In their brief, appellees state that Drs. Cintron, Ghafoori, and Hansen have participated in the credentialing process but that Drs. Six and Betancourt have not.
On appeal, Dr. Pisharodi generally alleges that throughout his relationship with Dr. Six, a neurosurgeon who has served as Medical Director of Neuroscience Service at VBMC since 2003, Dr. Six has "manipulatively interfered with [Dr. Pisharodi's] duties and status at VBMC, has made disparaging remarks about [him]" affecting his reputation and interfering with his professional relationships. In addition, Dr. Pisharodi claims that Dr. Six and Dr. Betancourt, also a neurosurgeon, have "been the source of false accusations" which have lead to peer reviews.
More specifically, Dr. Pisharodi points to several incidences allegedly occurring at VBMC that he argues establish his causes of action against appellees. He first describes a 2002 investigation into allegations that he abandoned his intensive care patient. Dr. Pisharodi next maintains that when one of his patients died after surgery, Dr. Cintron, an obstetrician/gynecologist and VBMC's Chief of Staff, and Dr. Ghafoori, a plastic surgeon and Chief of Surgery at VBMC, "made false and deliberate accusations that the patient died during the surgery." He claims that these alleged accusations resulted in a chart review initiated by Dr. Ghafoori. The patient chart from this review was forwarded to a university professor outside of the VBMC community. The professor concluded there was no breach in the standard of care. According to Dr. Pisharodi, Drs. Ghafoori and Cintron then "misrepresented [his] conduct to the executive committee and convinced them to issue a reprimand." Finally, Dr. Hansen, a retired general surgeon and VBMC's Vice-President of Medical Affairs, terminated Dr. Pisharodi's First Response Team contract.
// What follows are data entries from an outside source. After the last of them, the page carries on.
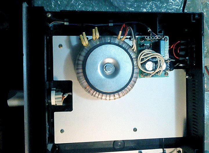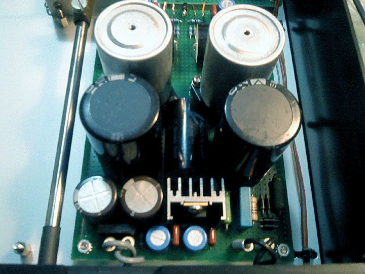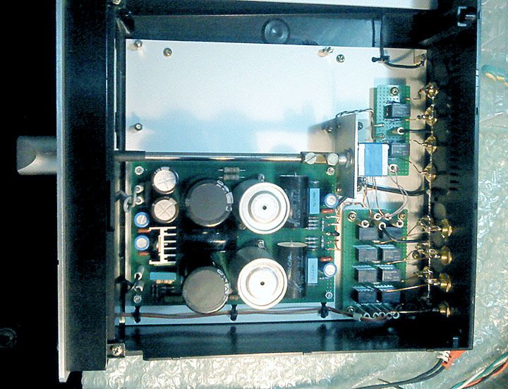 Izmedju ostalog, ovaj sklop sadrzi i ispravljac za pogon releja i drzi ih ugasenima cca 90 sekundi od ukljucenja. Indikacija je rijesena s dvobojnom LED, koja je inicijalno crvena, pa prelazi kontinuirano u narandzastu kako protice 90 sekundi, i na kraju se nakon ukljucneja releja prebaci u zeleno. Na zalost prilicno je tesko uslikati to, mobitel bilo sto crveno registrira kao nesto jako svijetlo, gotovo bijelo, pa su slike ispod tek aproksimacija:
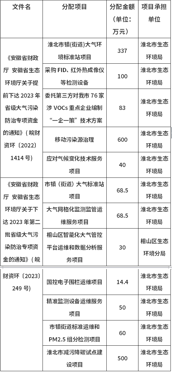 根据《安徽省财政厅 安徽省生态环境厅关于提前下达2023 年省级大气污染防治专项资金的通知》( 皖财资环〔2022〕1414号)和《安徽省财政厅 安徽省生态环境厅关于下达2023 年第二批省级大气污染防治专项资金的通知》( 皖财资环〔2023〕249号),淮北市共获得省级大气污染防治资金1951.4万元。现对分配情况进行公示。
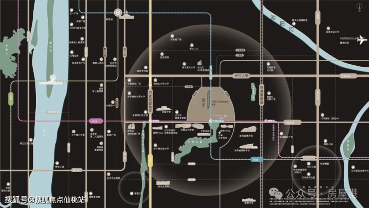 项目位于雨花区劳动东路与沙湾路交汇处,出小区便是地铁2号线和4号线换乘站沙湾公园站,街对面便是沙湾公园,一路之隔是双大型商业——吉联mall和山姆会员店,南面是湖南省体育馆,业主子女配套入读九年一贯制“湘郡培粹润德学校”。
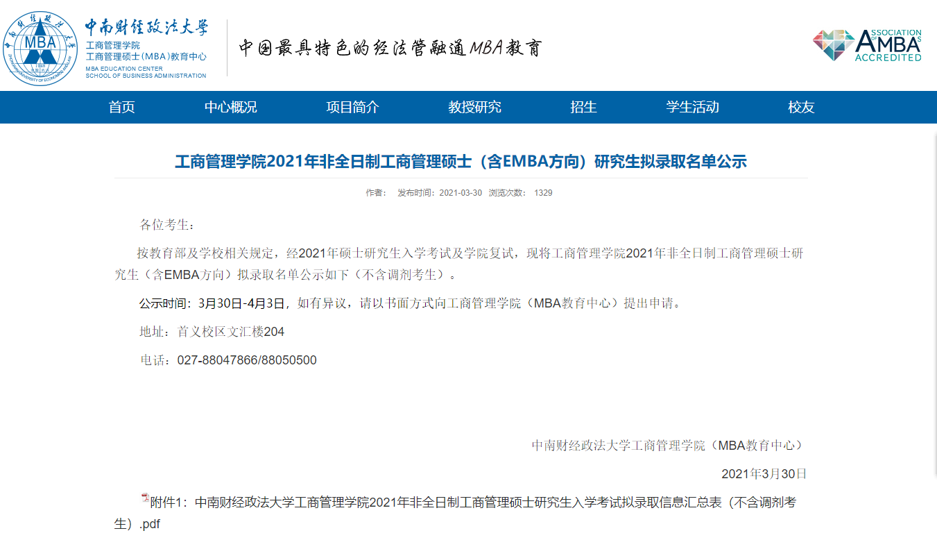 導讀:近日,已有院校公布2021研究生擬錄取名單。考研的同學們有沒有關注?今天小編就整理了“2021考研擬錄取名單:中南財經(jīng)政法大學工商管理學院2021年非全日制工商管理碩士(含EMBA方向)研究生擬錄取名單公示”的相關內(nèi)容,希望能對大家有所幫助。

On July 2, 2002, Dr. Pisharodi filed suit in state court against, among others, Drs. Six and Betancourt, alleging violations of the Texas Free Enterprise and Antitrust Act of 1983 (Antitrust Case). See TEX. BUS. COMM. CODE ANN. §§ 15.01-15.52 (Vernon 2002). Summary judgment was granted in favor of the defendants, including Drs. Betancourt and Six, dismissing the Antitrust Case in its entirety.
Dr. Pisharodi's appeal of the Antitrust Case, filed on and styled Pisharodi v. Six, is pending in this Court under cause number 13-07-00019-CV.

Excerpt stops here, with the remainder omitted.